Abstract
Die vorliegende Arbeit zeigt, dass eine detaillierte Beschreibung der Ultrastruktur der sekretorischen Zellen der Pankreasinseln des südamerikanischen Welses Rhamdia quelen vorliegt. Es wird der Nachweis erbracht, dass die α-Granula aus einem zentralen und einem äußeren Teil mit unterschiedlicher Elektronendichte und Löslichkeit bestehen, dass es sich bei den δ-Zellen höchstwahrscheinlich um morphologisch veränderte, aber lebensfähige α-Zellen handelt und dass die β-Granula möglicherweise eine sich wiederholende Substruktur besitzen und daher eine intrazelluläre kristalline Speicherform des Insulins darstellen können.
1. Einleitung
Die Langerhans-Inseln wurden 1869 von Langerhans beim Kaninchen entdeckt.

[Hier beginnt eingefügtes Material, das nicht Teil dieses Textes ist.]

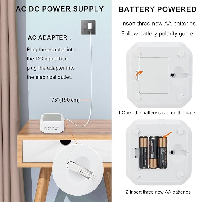 - ♫PLUG IN OR USE BATTERY - Powered by an AC adapter (included) or 3 AA batteries (not included), making it an easy portable solution for travel.
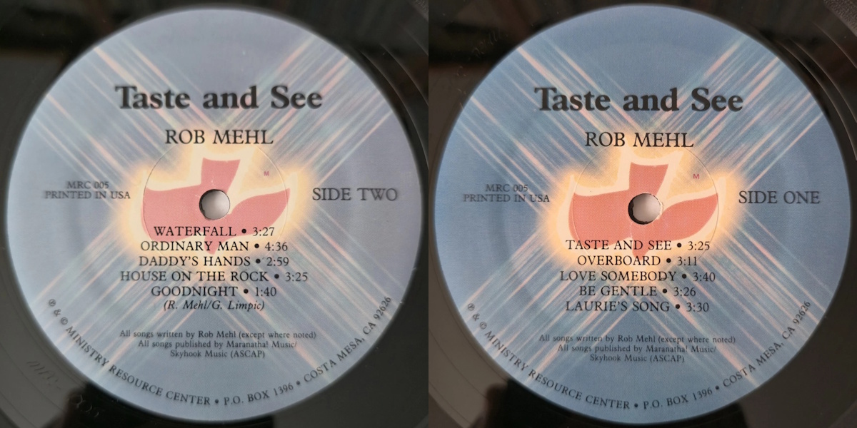 Taste and See is an album by the American singer and songwriter Rob Mehl, released on MRC Records in 1980, a sub-label of Maranatha! Music. The album was recorded at Studio Masters in Los Angeles and at Fanfare Studios in El Cajon, California; with Gerry Limpic of Limpic & Rayburn fame producing. Featuring Tom Howard on keyboards and background vocals. All song written by Rob Mehl except track B5 co-written by Gerry Limpic.
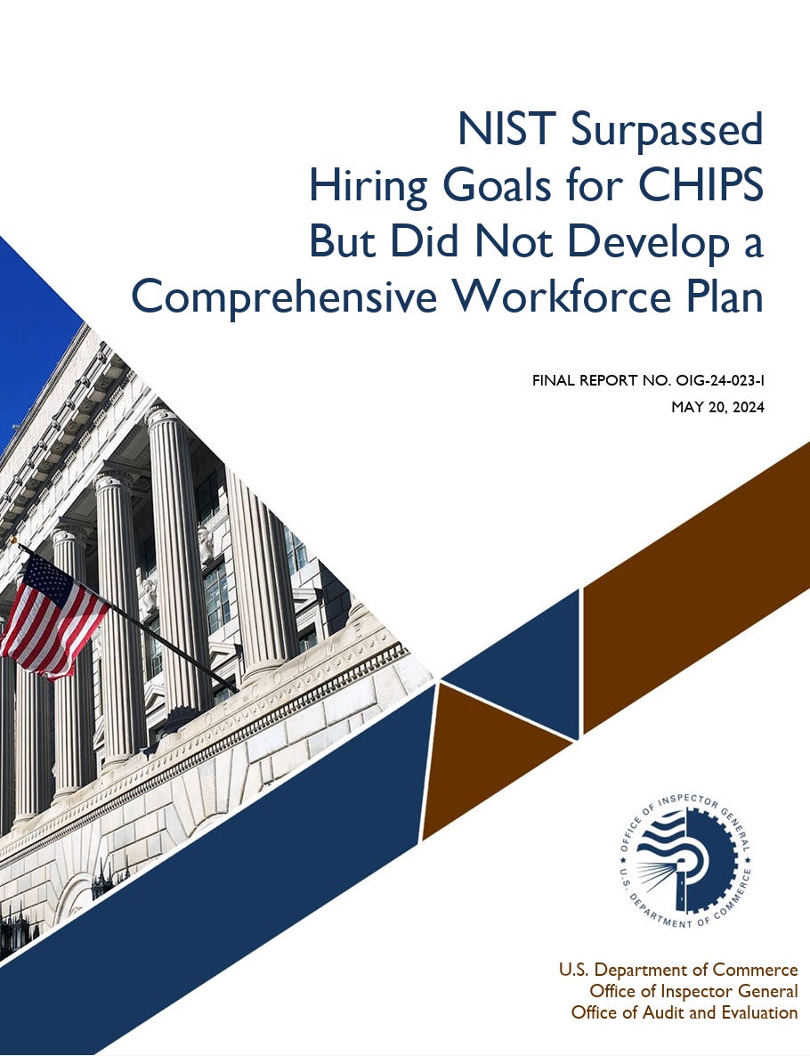 The IG report both praised and chastised us. On the one hand, the IG acknowledged that we had surpassed our hiring goals for both the CHIPS Program Office (CPO) and the CHIPS Research and Development Office (CRDO), and outlined how the Office of Human Resources Management increased staffing to support our hiring surge. But the report put greater emphasis on our failure to document our workforce plan. The expectation was that we should waste precious capacity on documentation, rather than on the work of actually hiring folks.

Sie wurden jedoch von Stannius und Blockmann etwa 20 Jahre früher bei Teleostierchen entdeckt und werden daher auch, wenn auch weniger häufig, als Stannius- oder Blockmann-Körperchen bezeichnet. Die Langerhans-Inseln sind endodermalen Ursprungs und finden sich bei den meisten Teleosteern als kleine Körperchen, die im exokrinen Teil des Pankreas verstreut sind.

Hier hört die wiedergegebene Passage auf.